--- RECORDED DATA Enclosed Below ---
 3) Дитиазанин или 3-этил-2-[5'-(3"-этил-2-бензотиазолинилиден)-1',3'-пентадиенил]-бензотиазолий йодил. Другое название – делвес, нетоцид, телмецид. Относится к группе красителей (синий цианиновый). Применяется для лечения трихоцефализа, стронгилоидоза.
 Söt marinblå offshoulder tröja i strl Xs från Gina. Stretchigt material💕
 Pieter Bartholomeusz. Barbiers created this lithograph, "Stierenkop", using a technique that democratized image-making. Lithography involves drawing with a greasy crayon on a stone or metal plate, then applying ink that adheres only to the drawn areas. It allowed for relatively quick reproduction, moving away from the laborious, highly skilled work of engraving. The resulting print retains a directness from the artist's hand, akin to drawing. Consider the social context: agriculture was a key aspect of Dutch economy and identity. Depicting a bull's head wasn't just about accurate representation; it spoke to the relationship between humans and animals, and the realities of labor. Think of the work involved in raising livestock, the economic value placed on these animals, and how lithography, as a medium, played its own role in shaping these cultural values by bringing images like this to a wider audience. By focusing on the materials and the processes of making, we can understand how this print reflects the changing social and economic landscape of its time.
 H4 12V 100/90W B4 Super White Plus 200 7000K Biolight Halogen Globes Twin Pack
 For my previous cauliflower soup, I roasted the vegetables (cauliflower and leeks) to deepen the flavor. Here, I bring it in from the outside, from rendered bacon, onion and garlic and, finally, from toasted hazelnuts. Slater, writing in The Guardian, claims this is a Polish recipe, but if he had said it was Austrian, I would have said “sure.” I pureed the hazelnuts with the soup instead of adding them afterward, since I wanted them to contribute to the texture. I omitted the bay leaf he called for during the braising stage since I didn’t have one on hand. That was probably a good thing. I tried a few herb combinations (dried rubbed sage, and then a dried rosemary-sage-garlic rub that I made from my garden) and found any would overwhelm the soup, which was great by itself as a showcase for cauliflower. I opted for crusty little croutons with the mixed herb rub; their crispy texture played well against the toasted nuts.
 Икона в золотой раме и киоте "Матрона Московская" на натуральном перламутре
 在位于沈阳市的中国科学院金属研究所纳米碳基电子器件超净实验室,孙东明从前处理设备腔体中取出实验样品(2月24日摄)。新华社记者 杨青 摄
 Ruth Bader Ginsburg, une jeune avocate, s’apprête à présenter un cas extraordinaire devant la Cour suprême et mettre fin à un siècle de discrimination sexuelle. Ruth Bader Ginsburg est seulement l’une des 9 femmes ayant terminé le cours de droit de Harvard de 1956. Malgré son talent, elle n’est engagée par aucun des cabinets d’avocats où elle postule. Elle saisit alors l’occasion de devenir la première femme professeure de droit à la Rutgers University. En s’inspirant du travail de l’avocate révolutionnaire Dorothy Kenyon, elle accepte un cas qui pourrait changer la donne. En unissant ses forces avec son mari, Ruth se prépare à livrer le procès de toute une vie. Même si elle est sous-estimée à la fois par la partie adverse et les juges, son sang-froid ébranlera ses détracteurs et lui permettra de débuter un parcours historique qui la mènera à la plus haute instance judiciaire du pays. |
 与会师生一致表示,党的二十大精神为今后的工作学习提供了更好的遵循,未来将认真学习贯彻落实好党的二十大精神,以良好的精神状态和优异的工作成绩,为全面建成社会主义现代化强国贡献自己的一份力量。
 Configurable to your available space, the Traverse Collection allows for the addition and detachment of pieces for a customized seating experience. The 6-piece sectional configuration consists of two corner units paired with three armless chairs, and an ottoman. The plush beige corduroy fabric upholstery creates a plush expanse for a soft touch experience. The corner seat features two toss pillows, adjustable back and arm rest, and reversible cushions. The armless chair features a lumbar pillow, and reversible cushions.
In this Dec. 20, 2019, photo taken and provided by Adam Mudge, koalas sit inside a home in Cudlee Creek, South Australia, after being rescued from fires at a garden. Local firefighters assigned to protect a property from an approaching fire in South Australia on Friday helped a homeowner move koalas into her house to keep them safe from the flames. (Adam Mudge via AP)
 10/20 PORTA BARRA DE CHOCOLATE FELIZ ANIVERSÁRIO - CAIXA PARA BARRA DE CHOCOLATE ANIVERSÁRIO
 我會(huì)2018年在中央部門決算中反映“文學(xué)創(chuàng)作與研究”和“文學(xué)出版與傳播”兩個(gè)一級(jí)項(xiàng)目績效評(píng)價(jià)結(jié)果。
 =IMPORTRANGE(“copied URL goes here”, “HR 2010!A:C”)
--- End of Enclosed RECORDED DATA ---
The line containing "Söt marinblå offshoulder" marks the end. Please print exactly every line from the top of the data to it, both included, and nothing more.

 3) Дитиазанин или 3-этил-2-[5'-(3"-этил-2-бензотиазолинилиден)-1',3'-пентадиенил]-бензотиазолий йодил. Другое название – делвес, нетоцид, телмецид. Относится к группе красителей (синий цианиновый). Применяется для лечения трихоцефализа, стронгилоидоза.
 Söt marinblå offshoulder tröja i strl Xs från Gina. Stretchigt material💕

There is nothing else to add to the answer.